◆ ENTRIES SUPPLIED:
Start of Block

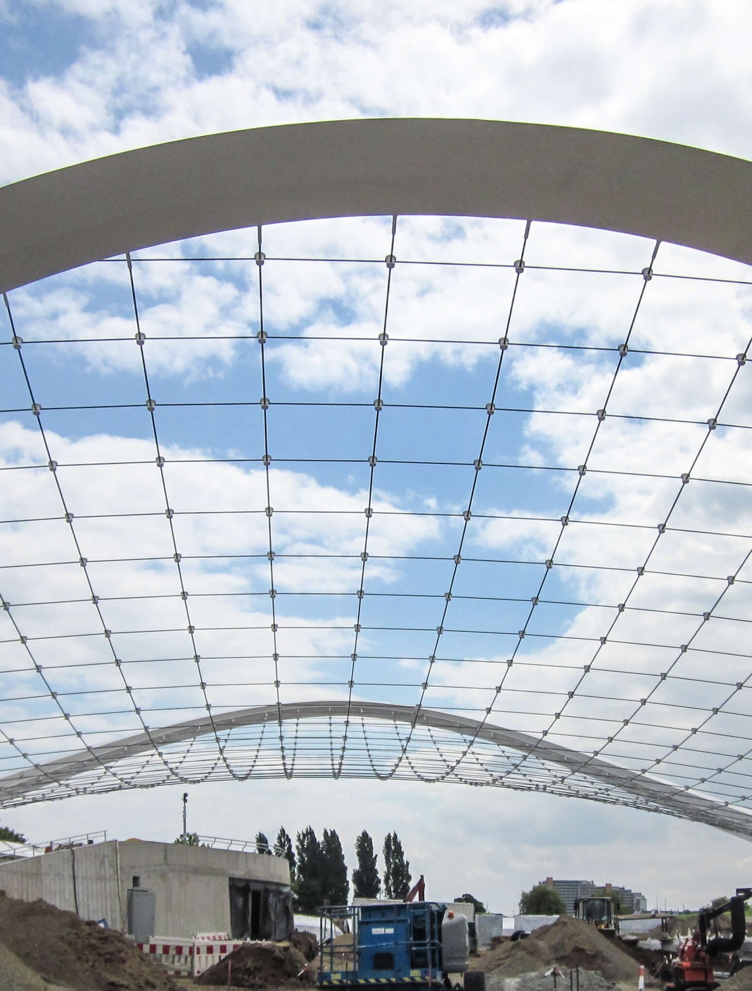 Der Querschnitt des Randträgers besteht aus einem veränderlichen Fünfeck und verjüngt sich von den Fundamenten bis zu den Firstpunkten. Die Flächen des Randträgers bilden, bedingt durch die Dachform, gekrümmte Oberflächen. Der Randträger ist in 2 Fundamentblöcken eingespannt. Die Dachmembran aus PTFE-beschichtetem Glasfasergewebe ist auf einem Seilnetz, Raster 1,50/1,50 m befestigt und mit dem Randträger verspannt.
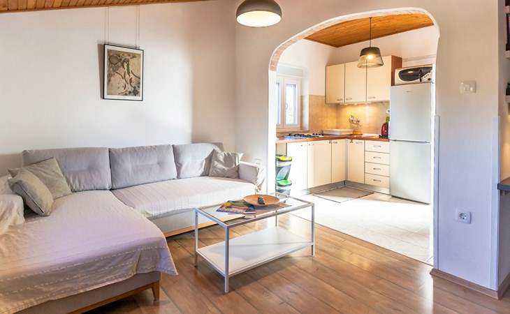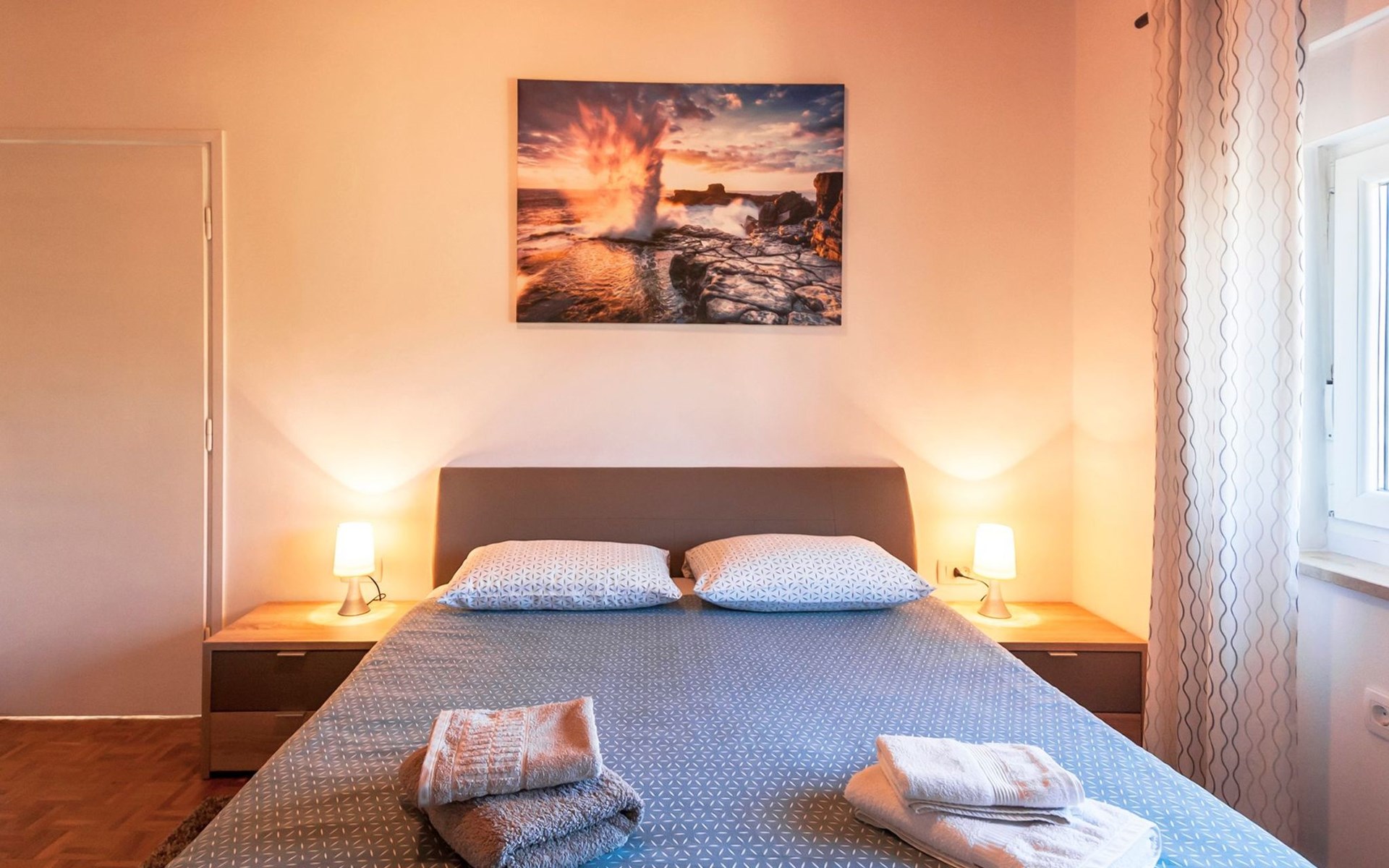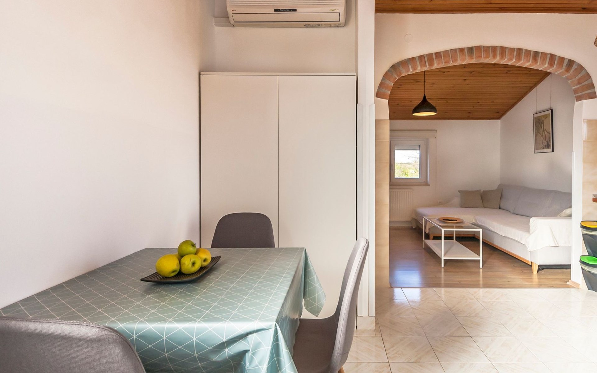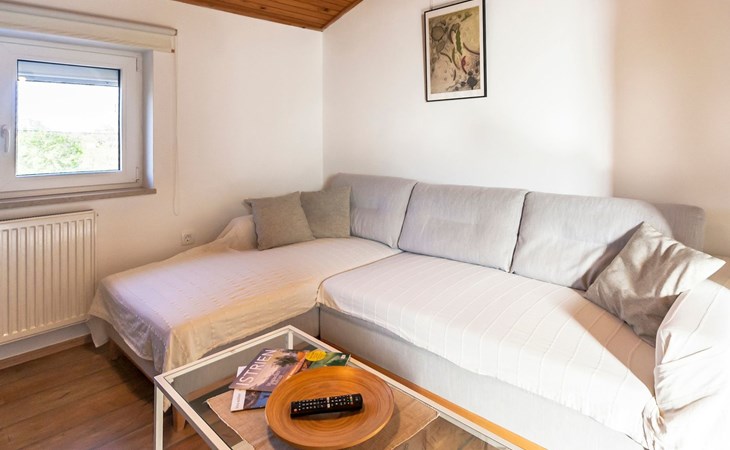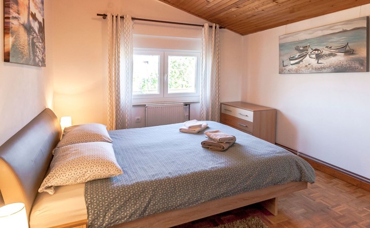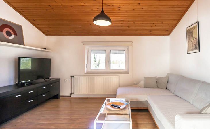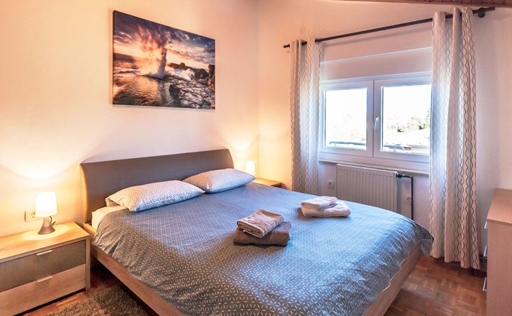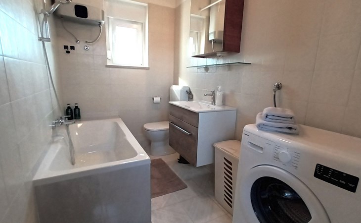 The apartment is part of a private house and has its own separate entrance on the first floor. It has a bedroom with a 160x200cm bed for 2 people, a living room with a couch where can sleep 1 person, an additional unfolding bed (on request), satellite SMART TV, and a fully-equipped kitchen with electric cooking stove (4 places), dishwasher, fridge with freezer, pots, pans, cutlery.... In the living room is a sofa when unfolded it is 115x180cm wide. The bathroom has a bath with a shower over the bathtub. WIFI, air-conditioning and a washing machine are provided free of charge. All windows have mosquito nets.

End of Block
Start of Block

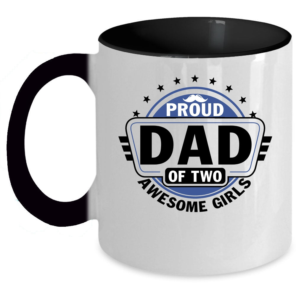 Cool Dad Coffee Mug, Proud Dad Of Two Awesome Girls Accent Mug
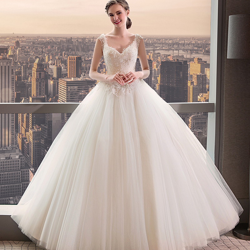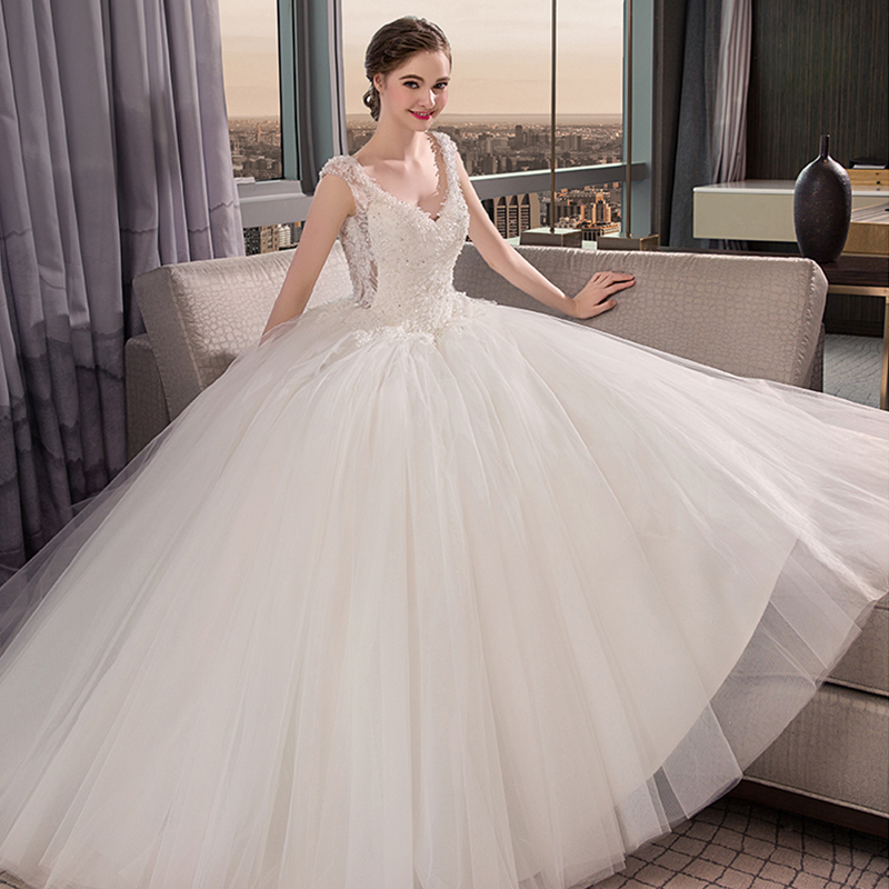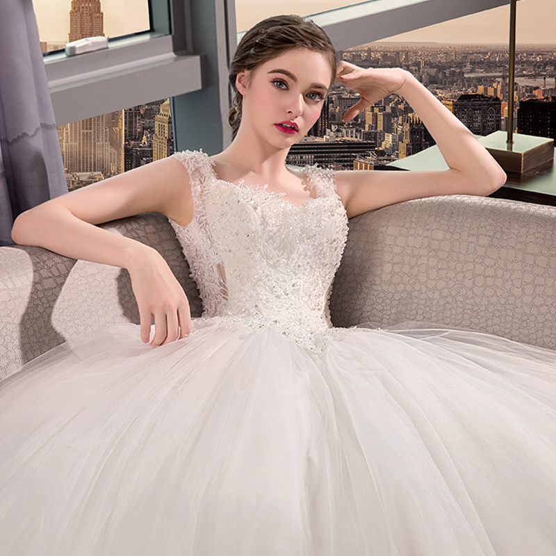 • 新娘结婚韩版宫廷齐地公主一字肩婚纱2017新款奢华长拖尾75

End of Block
Start of Block

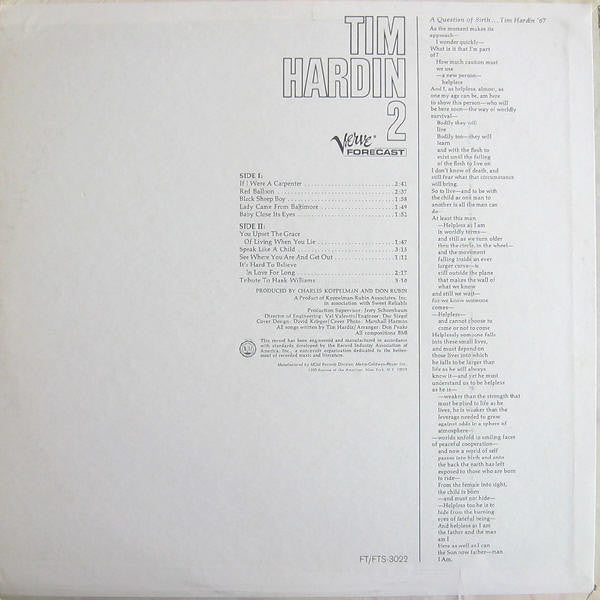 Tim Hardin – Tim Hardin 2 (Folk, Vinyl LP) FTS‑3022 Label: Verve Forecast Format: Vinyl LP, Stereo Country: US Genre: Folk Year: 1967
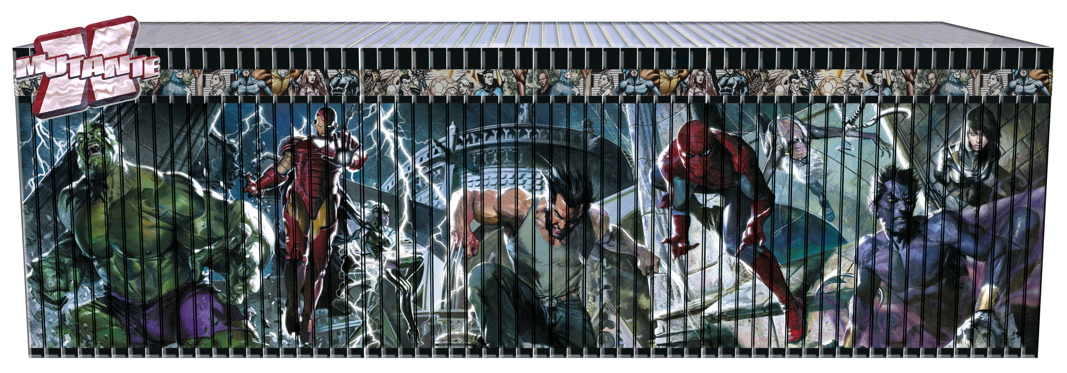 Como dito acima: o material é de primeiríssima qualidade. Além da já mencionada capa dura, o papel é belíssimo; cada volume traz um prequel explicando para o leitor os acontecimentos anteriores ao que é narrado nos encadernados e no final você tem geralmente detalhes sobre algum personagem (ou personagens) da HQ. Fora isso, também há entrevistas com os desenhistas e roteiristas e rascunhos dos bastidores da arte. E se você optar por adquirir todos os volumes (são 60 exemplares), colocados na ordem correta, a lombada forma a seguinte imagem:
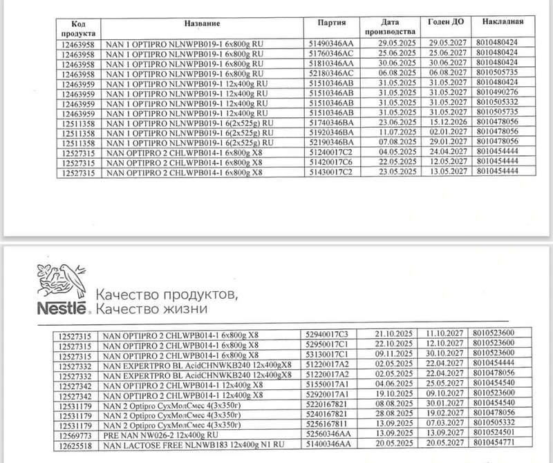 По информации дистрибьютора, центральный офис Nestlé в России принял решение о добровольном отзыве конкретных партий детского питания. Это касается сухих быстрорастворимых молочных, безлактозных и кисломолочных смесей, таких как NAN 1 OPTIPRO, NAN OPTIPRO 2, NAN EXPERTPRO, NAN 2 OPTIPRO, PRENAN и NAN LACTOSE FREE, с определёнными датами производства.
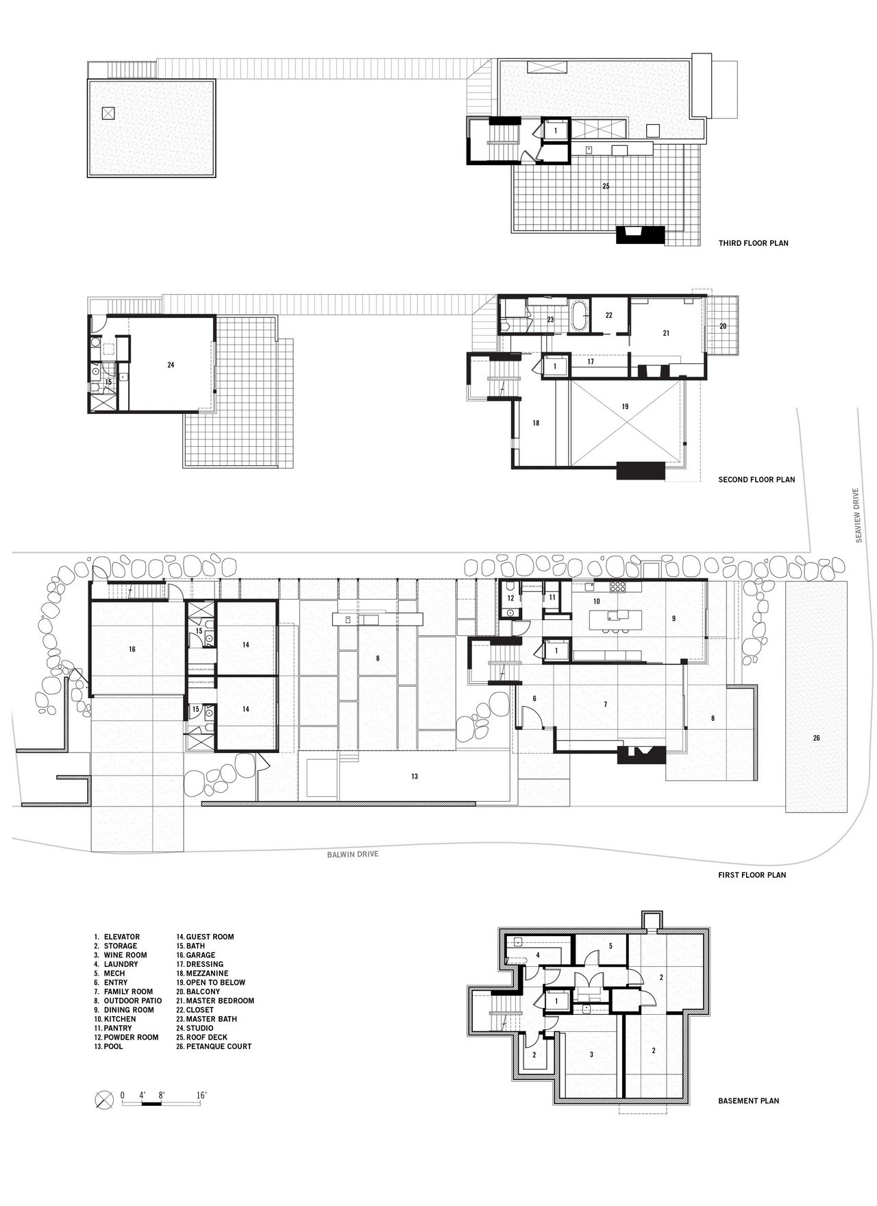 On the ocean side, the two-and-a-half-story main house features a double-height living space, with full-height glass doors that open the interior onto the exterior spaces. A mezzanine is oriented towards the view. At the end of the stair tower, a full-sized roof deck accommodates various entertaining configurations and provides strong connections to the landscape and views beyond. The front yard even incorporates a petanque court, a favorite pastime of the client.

End of Block

◆ PROBLEM TO SOLVE: Pictures are to be left out. Write out only the lines above starting at the one with "Der Querschnitt des" and ending at the one with "The apartment is", both lines included, exactly.

◆ ANSWER FOR THIS EXERCISE:
 Der Querschnitt des Randträgers besteht aus einem veränderlichen Fünfeck und verjüngt sich von den Fundamenten bis zu den Firstpunkten. Die Flächen des Randträgers bilden, bedingt durch die Dachform, gekrümmte Oberflächen. Der Randträger ist in 2 Fundamentblöcken eingespannt. Die Dachmembran aus PTFE-beschichtetem Glasfasergewebe ist auf einem Seilnetz, Raster 1,50/1,50 m befestigt und mit dem Randträger verspannt.
 The apartment is part of a private house and has its own separate entrance on the first floor. It has a bedroom with a 160x200cm bed for 2 people, a living room with a couch where can sleep 1 person, an additional unfolding bed (on request), satellite SMART TV, and a fully-equipped kitchen with electric cooking stove (4 places), dishwasher, fridge with freezer, pots, pans, cutlery.... In the living room is a sofa when unfolded it is 115x180cm wide. The bathroom has a bath with a shower over the bathtub. WIFI, air-conditioning and a washing machine are provided free of charge. All windows have mosquito nets.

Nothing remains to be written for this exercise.